▸ How to complete this task: Nothing in the listing should be altered when it is copied, and no picture goes into the copy.

▸ Given data:

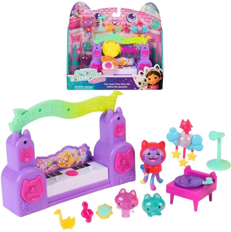 Koci Domek Gabi Film Zestaw Muzyczna Impreza Producent: Spin Master Wiek: 3+ Zabawka ta powstała na podstawie serialu dla dzieci pod tytułem Koci Domek Gabi Rozkręć miau-giczną imprezę z Gabi i DJ-em Kocimiętką! Przenieś się do kolorowego świata Kociego Domku Gabi i poczuj rytm najlepszej imprezy w mieście! Zestaw Muzyczna Impreza od Spin Master to pełne energii miejsce, w którym urocze kotki i Gabi bawią się przy dźwiękach muzyki. W komplecie czeka uśmiechnięty DJ Kocimiętka, dwie błyszczące figurki Gumikotków oraz mnóstwo imprezowych akcesoriów – głośniki w kocim stylu, konsola DJ-a, mikrofon i lśniąca kula dyskotekowa. Wystarczy nacisnąć klawisz fortepianu, aby uruchomić magiczny przycisk i usłyszeć muzyczną zabawę prosto z serialu! Magia muzyki i kreatywnej zabawy Kręć konsolą, rozkołysz kulę dyskotekową i pozwól, by imprezowy klimat opanował cały domek! Zestaw zachęca do tworzenia własnych historii, rozwijając wyobraźnię i kreatywność. Nie zabrakło też charakterystycznej przesyłki-niespodzianki, którą możesz otworzyć tak, jak robi to Gabi w animacji. Muzyczną Imprezę można ustawić w Domku Gabi (sprzedawanym osobno), np. na stryszku, i połączyć z innymi zestawami z serii, tworząc rozbudowany świat zabawy. Dane techniczne i produktowe Produkt: Koci Domek Gabi – Muzyczna Impreza Wymiary stanowiska muzycznego: ok. 15 × 4 × 11 cm Wysokość figurki DJ Kocimiętka: ok. 5,5 cm Wysokość figurki Gumikotków: ok. 3 cm Wiek: 3+ Zawartość zestawu 1 × stanowisko muzyczne z fortepianem, konsolą i głośnikami 1 × figurka DJ Kocimiętka 2 × figurka brokatowego Gumikotka 8 × imprezowy gadżet 1 × przesyłka-niespodzianka Największe zalety produktu Oficjalny zestaw inspirowany filmem Gabby’s Dollhouse: The Movie (2025) Interaktywne elementy – fortepian z przyciskiem, obracana konsola, kula dyskotekowa Możliwość połączenia z innymi zestawami i domkiem Gabi Wysoka jakość wykonania i wierne odwzorowanie postaci z bajki Kreatywna zabawa rozwijająca wyobraźnię Zabawa, która gra w rytmie kociej muzyki! Ten zestaw to doskonały prezent dla małych fanów Gabi i jej kocich przyjaciół. Pozwól dziecku rozkręcić własną muzyczną imprezę i cieszyć się magiczną atmosferą prosto z ekranu!
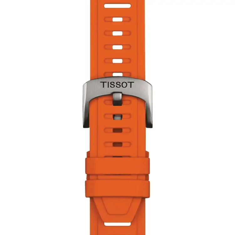 Dây đeo silicone màu cam với khóa gài tạo nên vẻ thể thao và thoải mái khi đeo. Với khả năng chống nước 5 ATM (50 m), đồng hồ phù hợp cho cả phong cách sống năng động lẫn sử dụng hàng ngày.
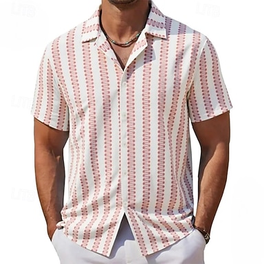 Hombre Camisa Camisa casual Abotonar la camisa Negro Rojo Color Caquí Manga Corta A Rayas Collar Cubano Casual Diario Encaje Ropa Elegante Moda Casual
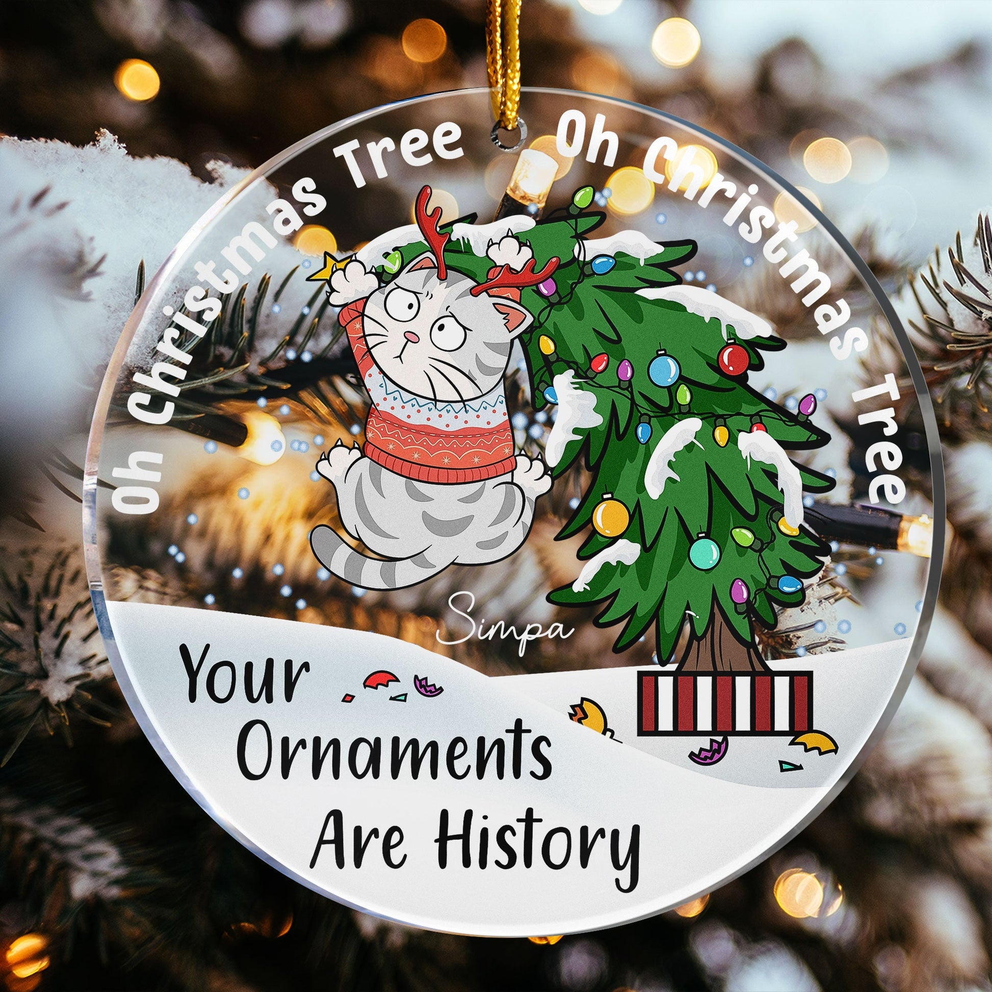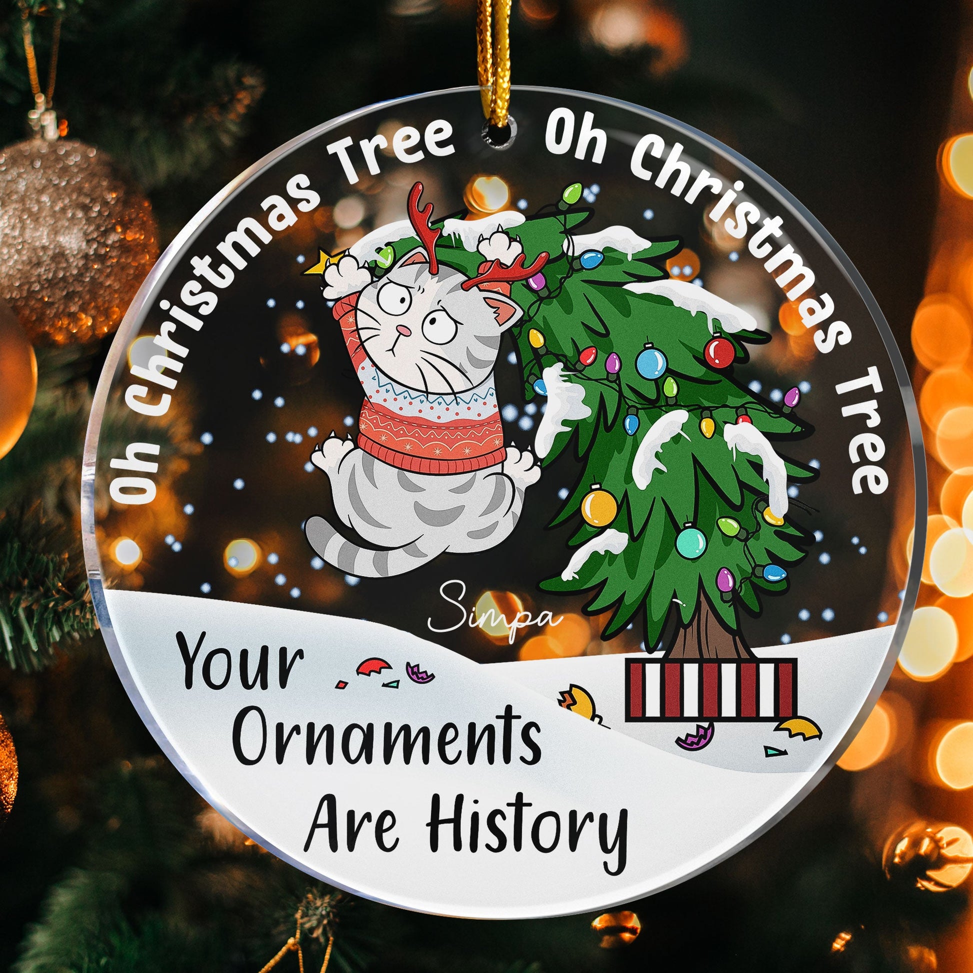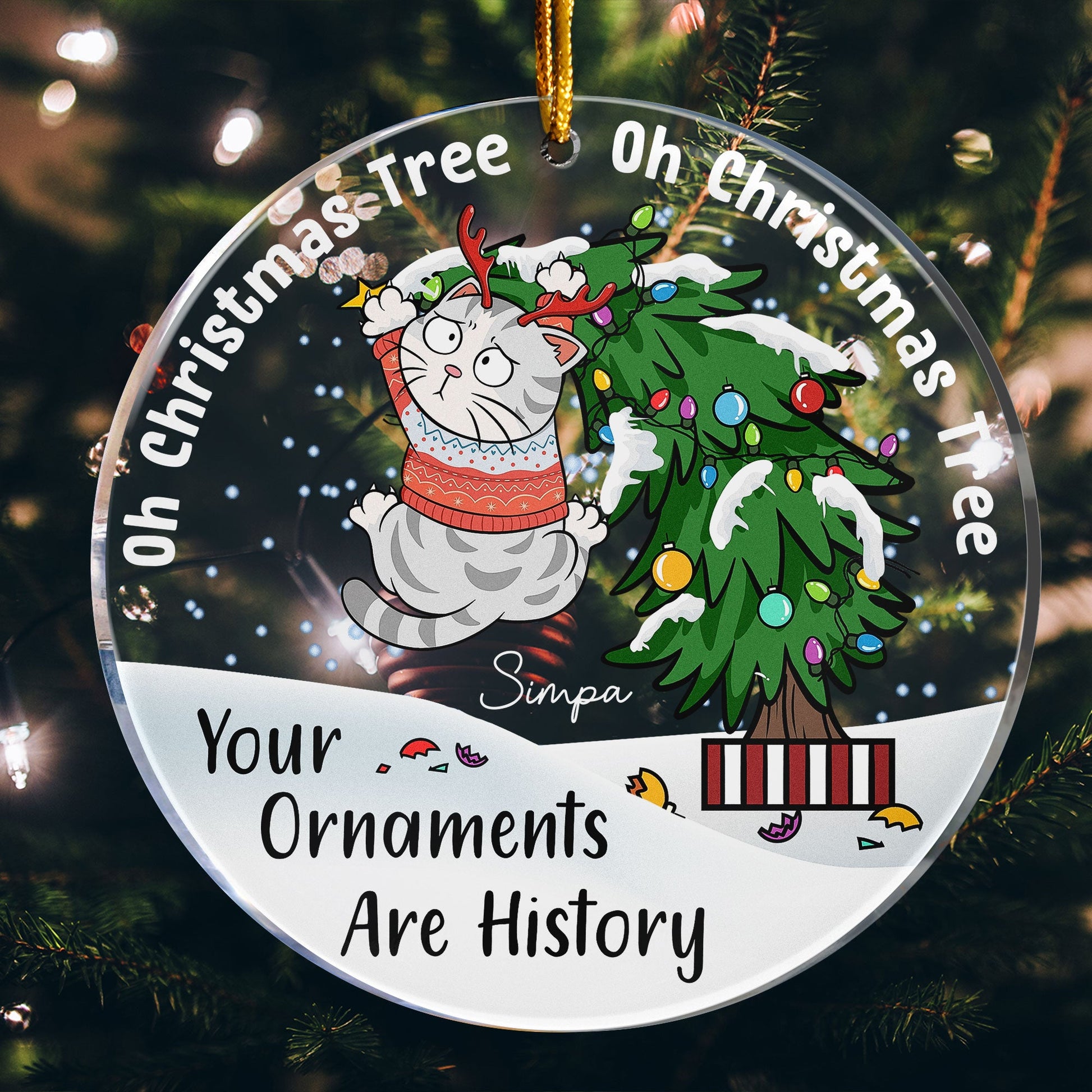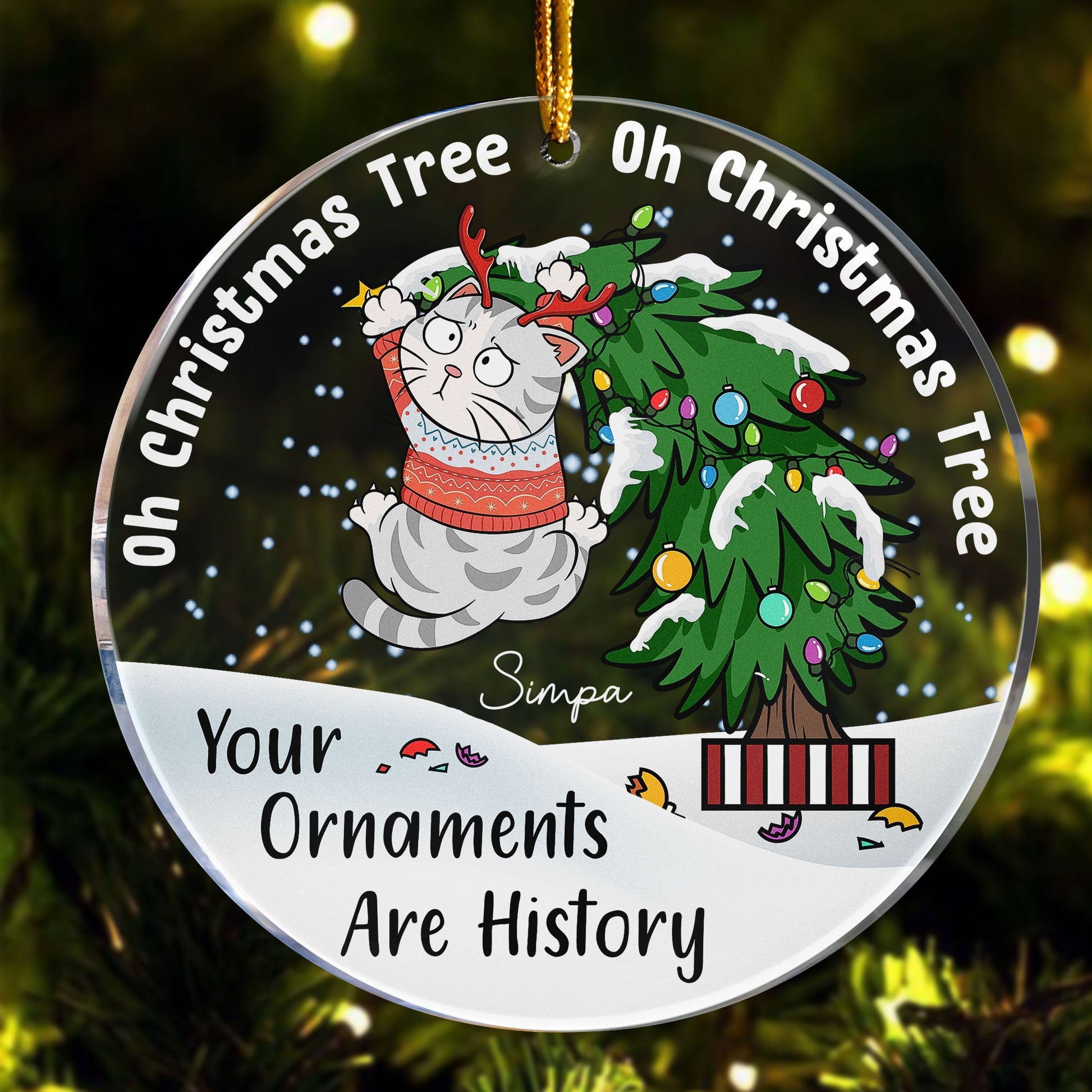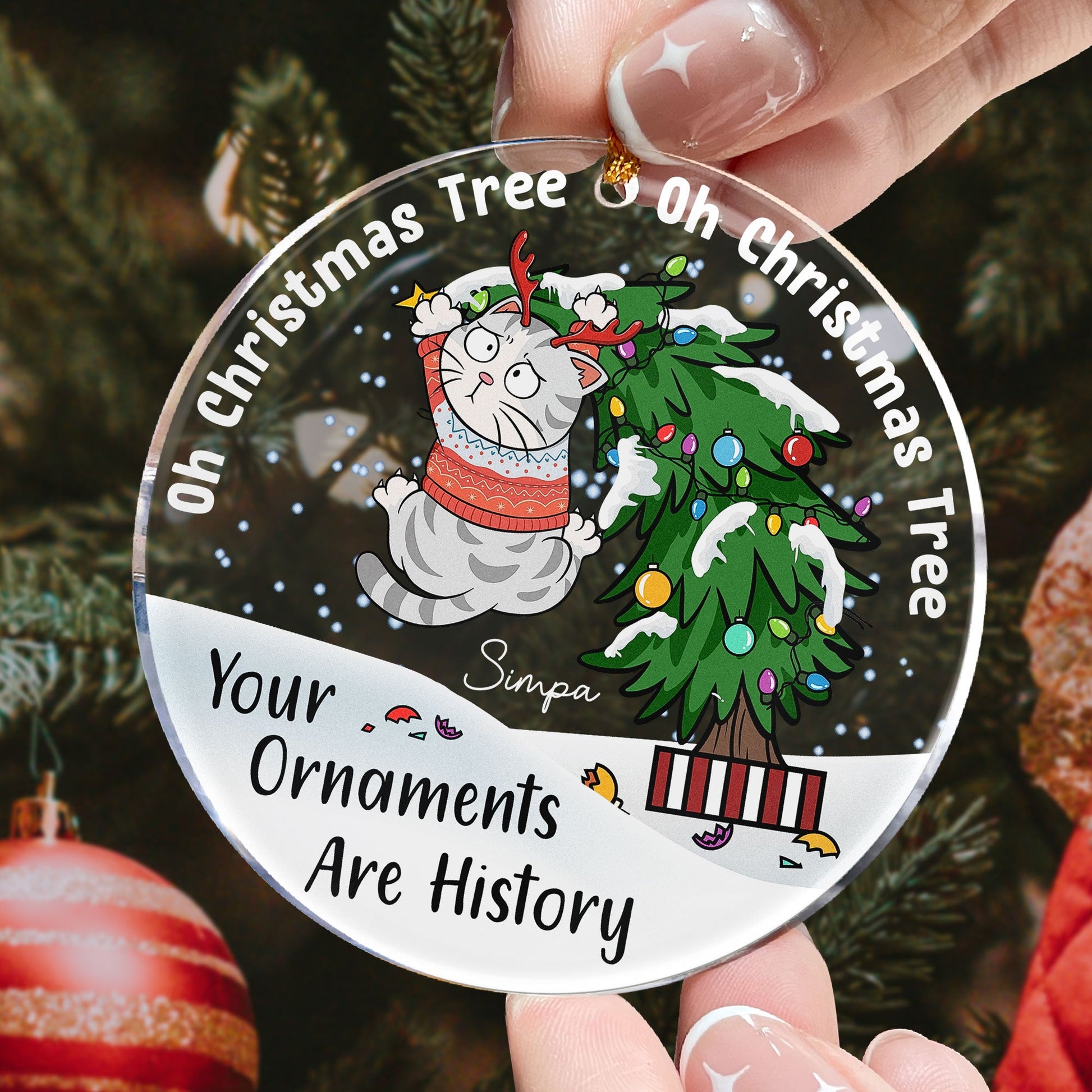 Bring a bit of humor to your holiday season with our Personalized Circle Acrylic Ornament featuring the cheeky phrase. This playful ornament showcases a mischievous cat clinging to a Christmas tree, perfectly capturing the chaos our feline friends can cause during the holidays. You can customize the ornament with different cat breeds to represent your own furry troublemakers, making it a unique and personal touch for your holiday decor.

▸ Expected answer:
 Koci Domek Gabi Film Zestaw Muzyczna Impreza Producent: Spin Master Wiek: 3+ Zabawka ta powstała na podstawie serialu dla dzieci pod tytułem Koci Domek Gabi Rozkręć miau-giczną imprezę z Gabi i DJ-em Kocimiętką! Przenieś się do kolorowego świata Kociego Domku Gabi i poczuj rytm najlepszej imprezy w mieście! Zestaw Muzyczna Impreza od Spin Master to pełne energii miejsce, w którym urocze kotki i Gabi bawią się przy dźwiękach muzyki. W komplecie czeka uśmiechnięty DJ Kocimiętka, dwie błyszczące figurki Gumikotków oraz mnóstwo imprezowych akcesoriów – głośniki w kocim stylu, konsola DJ-a, mikrofon i lśniąca kula dyskotekowa. Wystarczy nacisnąć klawisz fortepianu, aby uruchomić magiczny przycisk i usłyszeć muzyczną zabawę prosto z serialu! Magia muzyki i kreatywnej zabawy Kręć konsolą, rozkołysz kulę dyskotekową i pozwól, by imprezowy klimat opanował cały domek! Zestaw zachęca do tworzenia własnych historii, rozwijając wyobraźnię i kreatywność. Nie zabrakło też charakterystycznej przesyłki-niespodzianki, którą możesz otworzyć tak, jak robi to Gabi w animacji. Muzyczną Imprezę można ustawić w Domku Gabi (sprzedawanym osobno), np. na stryszku, i połączyć z innymi zestawami z serii, tworząc rozbudowany świat zabawy. Dane techniczne i produktowe Produkt: Koci Domek Gabi – Muzyczna Impreza Wymiary stanowiska muzycznego: ok. 15 × 4 × 11 cm Wysokość figurki DJ Kocimiętka: ok. 5,5 cm Wysokość figurki Gumikotków: ok. 3 cm Wiek: 3+ Zawartość zestawu 1 × stanowisko muzyczne z fortepianem, konsolą i głośnikami 1 × figurka DJ Kocimiętka 2 × figurka brokatowego Gumikotka 8 × imprezowy gadżet 1 × przesyłka-niespodzianka Największe zalety produktu Oficjalny zestaw inspirowany filmem Gabby’s Dollhouse: The Movie (2025) Interaktywne elementy – fortepian z przyciskiem, obracana konsola, kula dyskotekowa Możliwość połączenia z innymi zestawami i domkiem Gabi Wysoka jakość wykonania i wierne odwzorowanie postaci z bajki Kreatywna zabawa rozwijająca wyobraźnię Zabawa, która gra w rytmie kociej muzyki! Ten zestaw to doskonały prezent dla małych fanów Gabi i jej kocich przyjaciół. Pozwól dziecku rozkręcić własną muzyczną imprezę i cieszyć się magiczną atmosferą prosto z ekranu!
 Dây đeo silicone màu cam với khóa gài tạo nên vẻ thể thao và thoải mái khi đeo. Với khả năng chống nước 5 ATM (50 m), đồng hồ phù hợp cho cả phong cách sống năng động lẫn sử dụng hàng ngày.
 Hombre Camisa Camisa casual Abotonar la camisa Negro Rojo Color Caquí Manga Corta A Rayas Collar Cubano Casual Diario Encaje Ropa Elegante Moda Casual
 Bring a bit of humor to your holiday season with our Personalized Circle Acrylic Ornament featuring the cheeky phrase. This playful ornament showcases a mischievous cat clinging to a Christmas tree, perfectly capturing the chaos our feline friends can cause during the holidays. You can customize the ornament with different cat breeds to represent your own furry troublemakers, making it a unique and personal touch for your holiday decor.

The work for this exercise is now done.